I have several frames that have been subject to ongoing modifications. Do you have a habit of modifying old frames to improve the designs? I hope I'm not the only nut that can't leave things alone....lol.

Here are some pics of a plywood frame with oak veneers on front and back. It started as a TTF design with a wide distance between the finger hooks. After completing the frame, I shot it for many months. Eventually I went back to OTT frames so this frame was converrted. I filled the holes in the forks and changed the tips. After a while, I wanted more of a finger hook so I ground out some wood and made deeper hooks. Recently, I removed the bottom of the finger hooks and narrowed the distance between the hooks to a hair over 3". I also narrowed the top of the handle and sanded more bevel on the edges. I'm hoping that this will be the last chop job on this frame but...

Three pics of same frame...
1 - original TTF style
2 - conversion to OTT with deep finger hooks
3 - OTT, smaller finger hooks with 3" width, and less width at top of handle
I don't have a transition pic with the OTT design with shallow finger hooks and almost a 4" width between. Hopefully the pics upload in proper order.

Cheers,
Northerner


----------



## Northerner (Nov 9, 2010)

Pics uploaded in reverse order... 3, 2, 1


----------



## justplainduke (May 31, 2011)

Man, I am the worst at tinkering with my frames!!! 
When I buy a frame there is always something that I think needs improving or changing to suit my needs or sometimes for plain experimentation purposes
Ok, maybe not the $100.00 frames









When I design one it goes through multiple revisions before I'm happy with it. I'm very fortunate to have 3d solidworks software to do and save these revisions as well as do strength tests on the computer before actually hand cutting the frames. Then I end up fitting each one as I carve them with rasp and file.

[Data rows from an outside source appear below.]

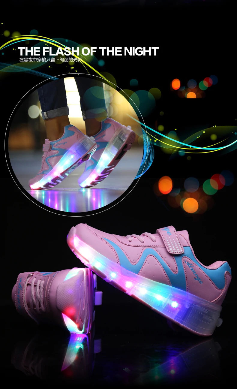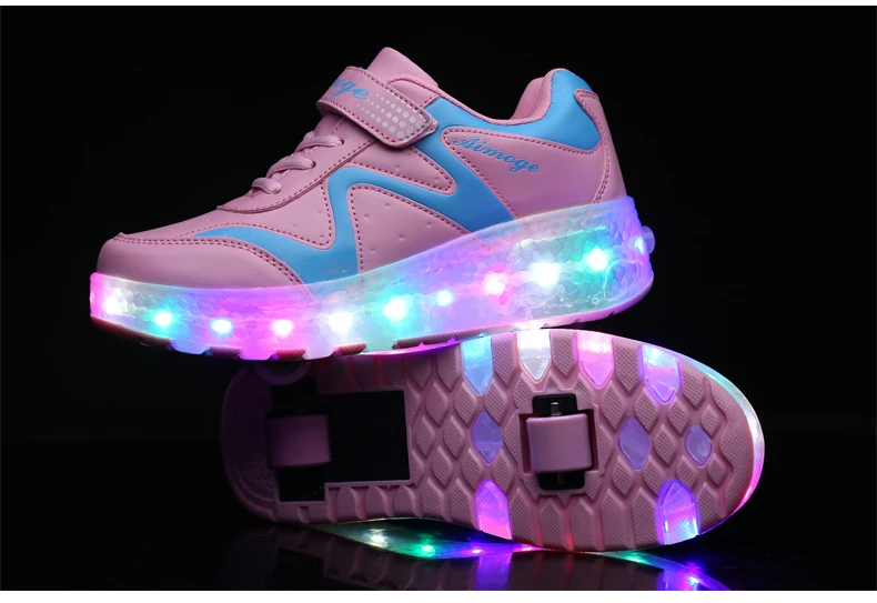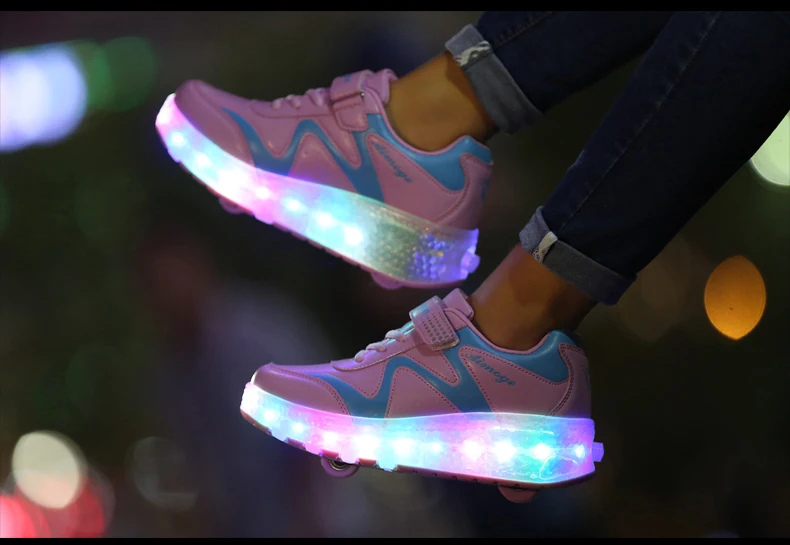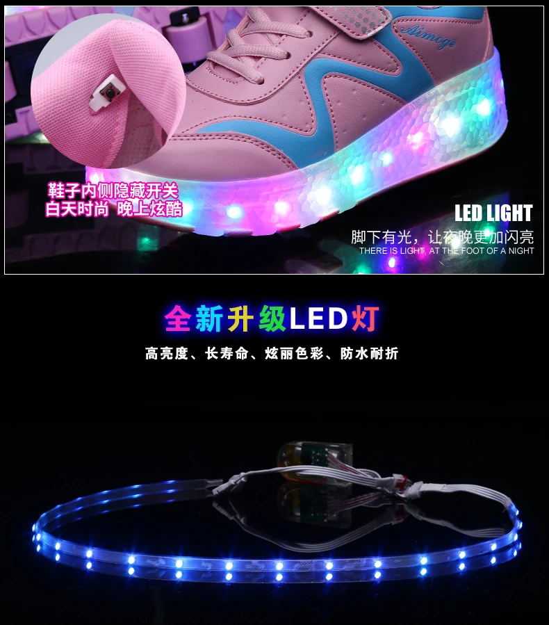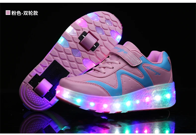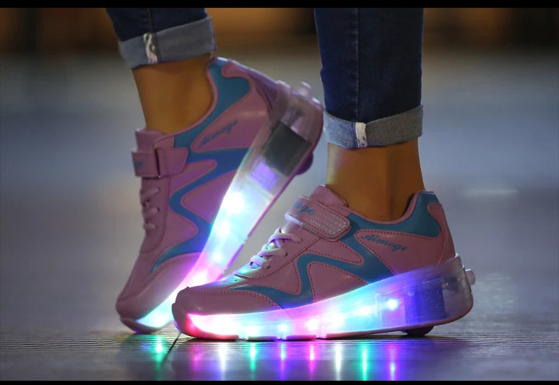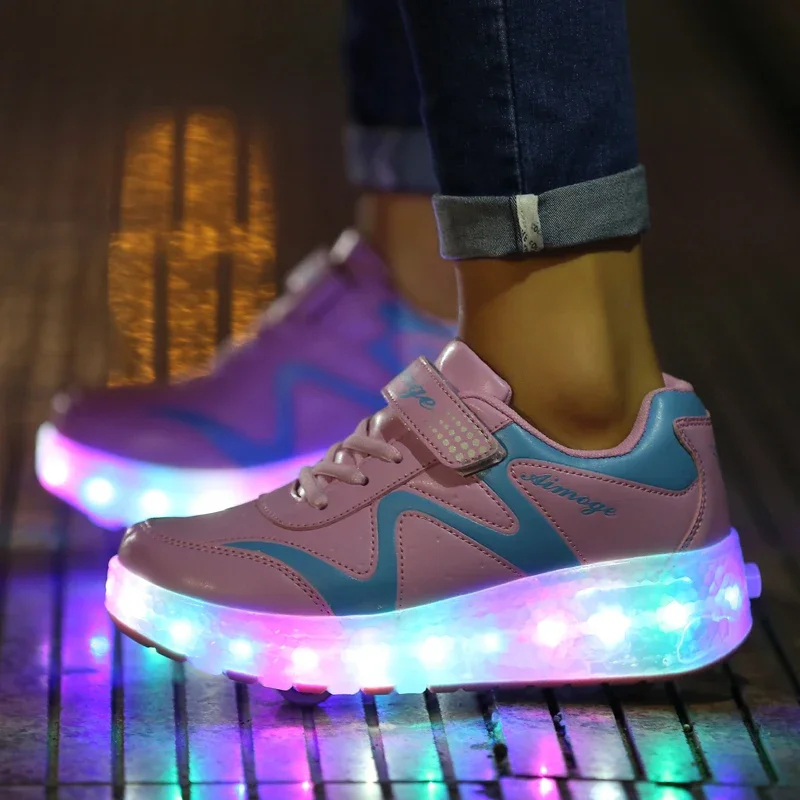 LED Lights Kids Roller Skate Shoes Adults Casual Running With 2 Wheels Detachable Boys Girls Parkour Deformation Skating Shoes
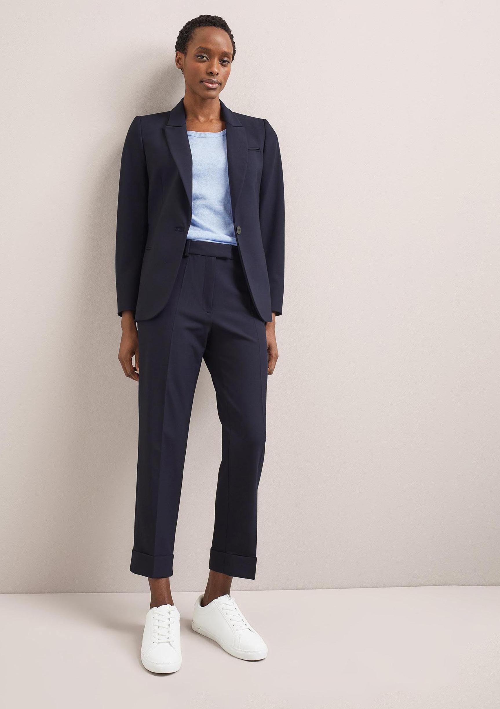 Clement Tailored Turn-Up Trouser in Stretch Wool Blend Black. Also available in Navy. £250
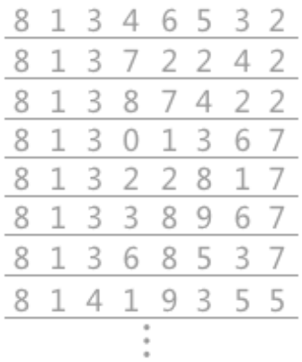 例如下表中列举的是一部分关键字,每个关键字都是有8位十进制数组成:
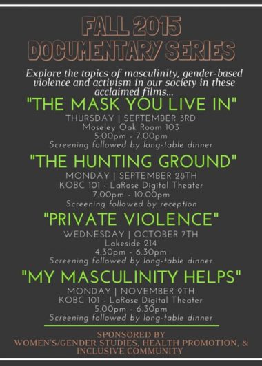 Looking to explore the topics of masculinity, gender-based violence, and activism in our society? If this interests you, check out the documentary series this fall sponsored by Women's/Gender Studies, Health Promotion, and Inclusive Community!
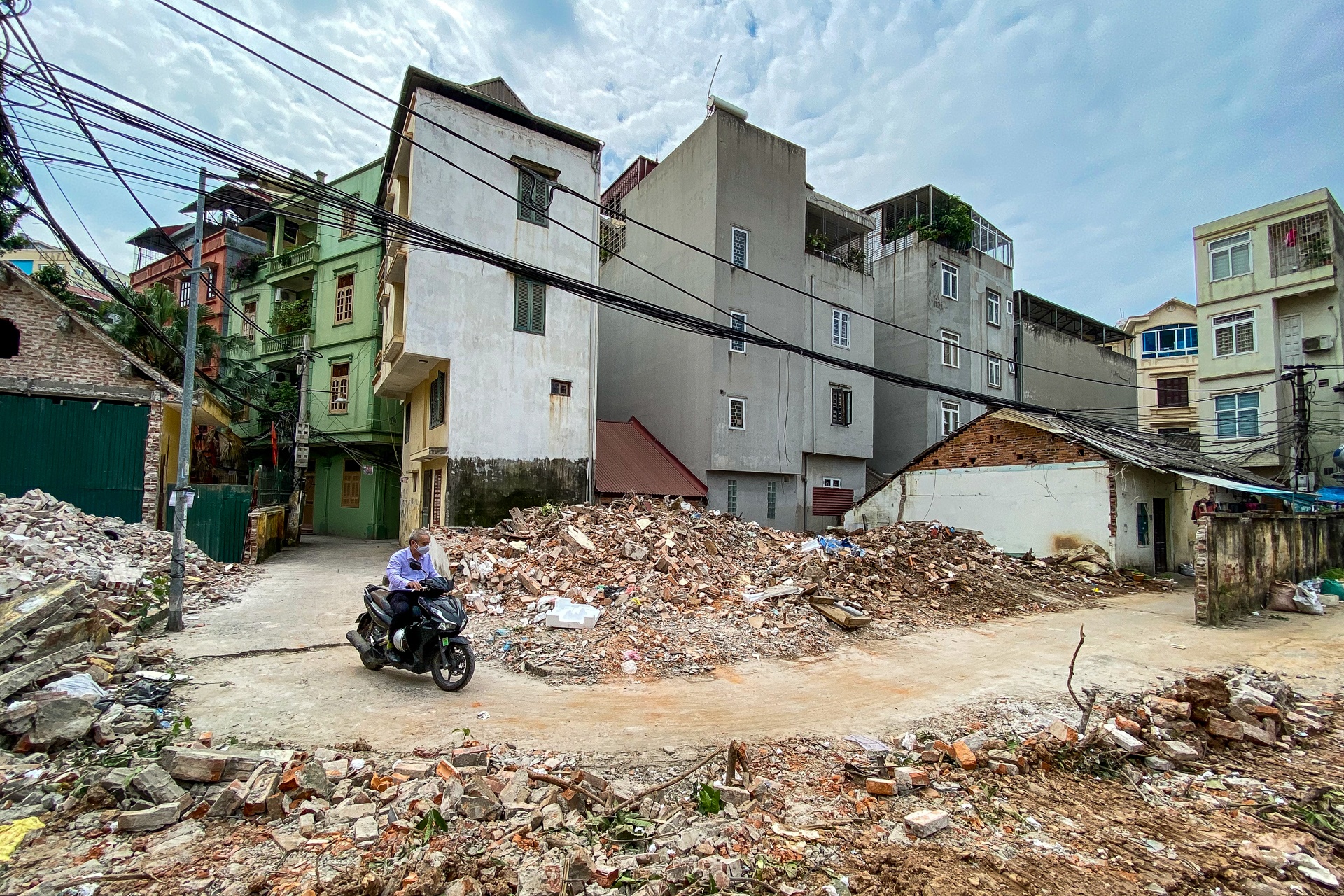Khoảng 700 m đường Huỳnh Thúc Kháng kéo dài từ nút giao Voi Phục đến đoạn giao cắt Chùa Láng đã thành hình. Hiện nay, tiến độ dự án bị ảnh hưởng do vướng giải phóng mặt bằng. Hình ảnh tại ngõ 14 phố Pháo Đài Láng, ngổn ngang đất đá, phế thải xây dựng, gây ảnh hưởng tới sinh hoạt của người dân. Ảnh: Việt Linh.
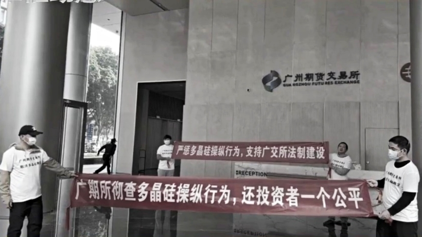 广州期货交易所的多晶硅期货交易,近期出现短时间内暴涨暴跌现象,投资者认为存在欺诈性炒作的市场操纵行为。日前到交易所大厅内拉横幅抗议,要求当局彻查。
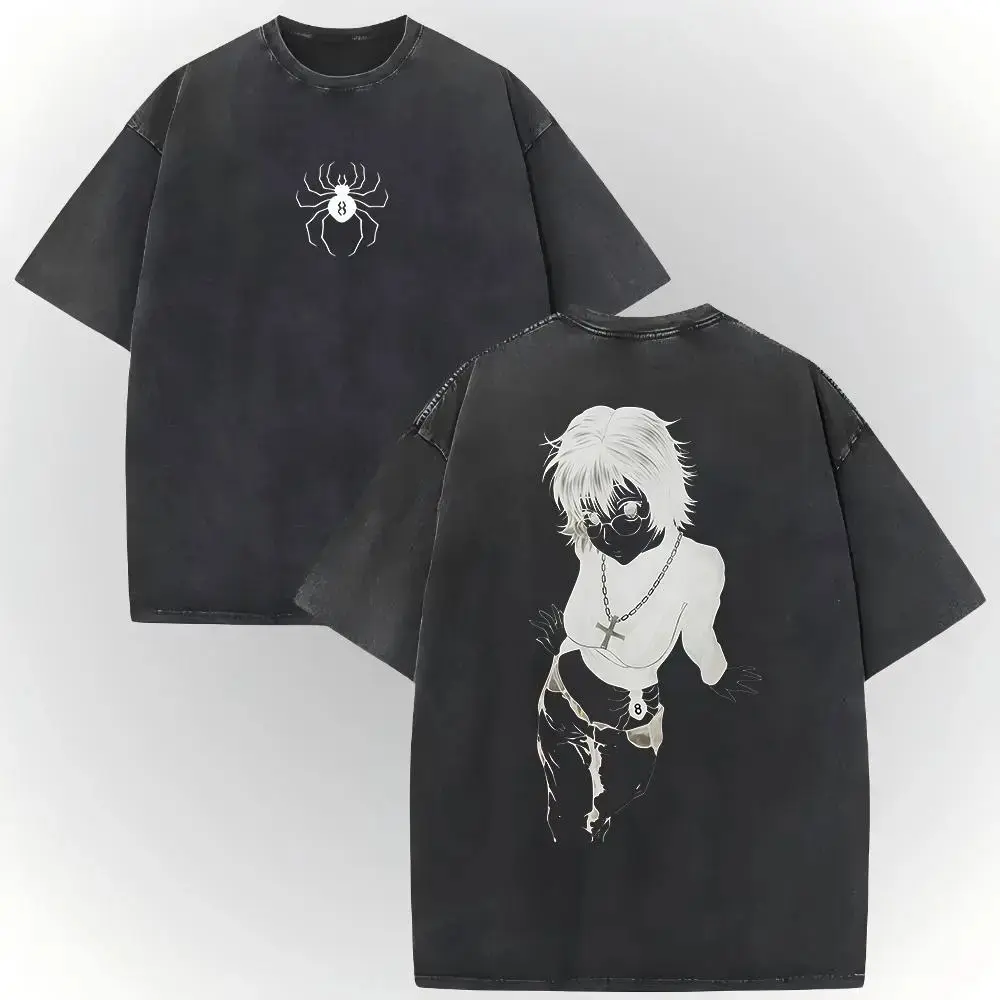 [Soft 100% Cotton] Shizuku Hunter X Hunter Anime Double Printed Vintage Washed Tee Unisex Oversize Heavyweight Cotton T-shirt for Anime Fans and Lovers

The finished product is satisfying, to say the least









Ps. I really like the strong bullet proof design that you have there! Nice work!


----------



## gamekeeper john (Apr 11, 2011)

yes i know exactly what u mean, my pocket rocket as gone from a pocket rocket 1 to a pocket rocket 2 and now i have the pocket rocket 3 lol. my poachers friend as been improoved and my demon as been slimlined, my elastic grooves have changed and i now use a more hardwearing polly finish, to be honest all my designs are constantly improoving, i'v even just changed my router bit to get more of a curve lol, and i'm pretty sure i will stil be improoving them years down the line lol -- john


----------



## bootneck (Feb 20, 2011)

Try as i might i just cant leave anything alone wether its my catties,the house or my wife ;-) nothing stays how it was made if i get my grubby mits on it


----------